I tell you this so that you can see that what I say comes from a person who experiences something similar, but I without a doubt not as severe, to what you husband experiences. But I can tell you what I feel when my wife steps in and makes decisions it appears to others as if she is “taking control”. I spend my whole life so overloaded with information the world provides, mostly because my brain can’t move fast enough or retrieve information to process it. When I look to my wife for an answer it is out of desperation, sometimes embarrassment. I know it is burdensome for her to constantly answer questions for me, to remind me to take Rx, to remind me to eat or I will not eat all day, the list goes on. I also know it frustrates her that we go for a nice outing or anniversary dinner and then I don’t remember it without pictures and intense promping on her part.

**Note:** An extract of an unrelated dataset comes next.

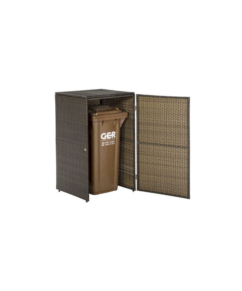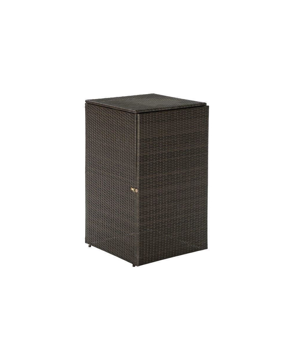 Mülltonnen sind weder vor dem Haus noch im Garten ein ansehnlicher Anblick. Doch es gibt eine einfache Lösung: Mit dieser Mülltonnenabdeckung verstecken Sie die unangenehmen Geruchsbelästigungen gekonnt. Die Abdeckung bietet Platz für eine übliche Mülltonne. Sie besteht aus einem Metallgestell, das von einem ansprechenden Kunststoffgeflecht umhüllt ist. Die Abdeckung kann oben geöffnet werden, was ein einfaches Befüllen der Mülltonnen ermöglicht.
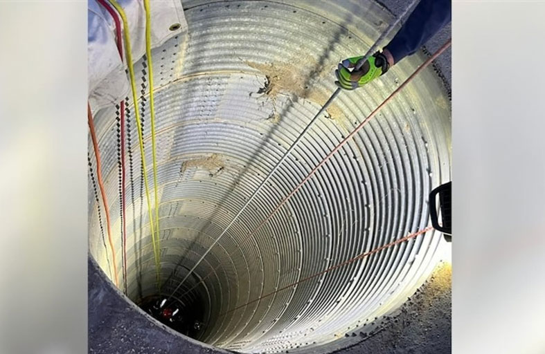وسقط المراهق، الذي لم يتم الكشف عن هويته، في إحدى فتحات العادم الخاصة بالصومعة بعمق يتراوح بين 40 إلى 50 قدماً.

I may not have been thoughtful enough to ask her if having to help me in front of others bothers her, I’ll have to do that. What I do know is that the love, friendship, companionship and intimacy that I feel for Michele as I see what she has done and continues to do for me, lifts me above even the darkest times of my strokes. The true human to human love that she shows me has been a life changing thing for me and I’m sure it has for your husband also. We try to focus on the gifts we give of each other more than the noise around us. Right now Sarah, just like Michele, you are heroically giving more than you are getting. God bless you.
Dave
RLT
29 July 2010 - 08:35 AM
Well said Sarah! I understand your frustration. How many therapist have asked me to leave because I don't let Dick express himself only to have Dick refuse to return because he was lost without me there. And these are "professionals". I wish we could have a copy of your blog to hand out!!
Ruth
Ruth
Gwendoline
01 August 2010 - 11:05 PM
Hi Sarah
This is my first comment since joining the group. I understand totally what you are saying as that is exactly how it is for me. I have been carer for my husband Eric full time for the last 2½ years and at first I used to get really frustrated with the fact that he did not talk to me and always looked to me to answer questions people asked of him. I have learnt a lot like you over the last few years.
Gwendoline
This is my first comment since joining the group. I understand totally what you are saying as that is exactly how it is for me. I have been carer for my husband Eric full time for the last 2½ years and at first I used to get really frustrated with the fact that he did not talk to me and always looked to me to answer questions people asked of him. I have learnt a lot like you over the last few years.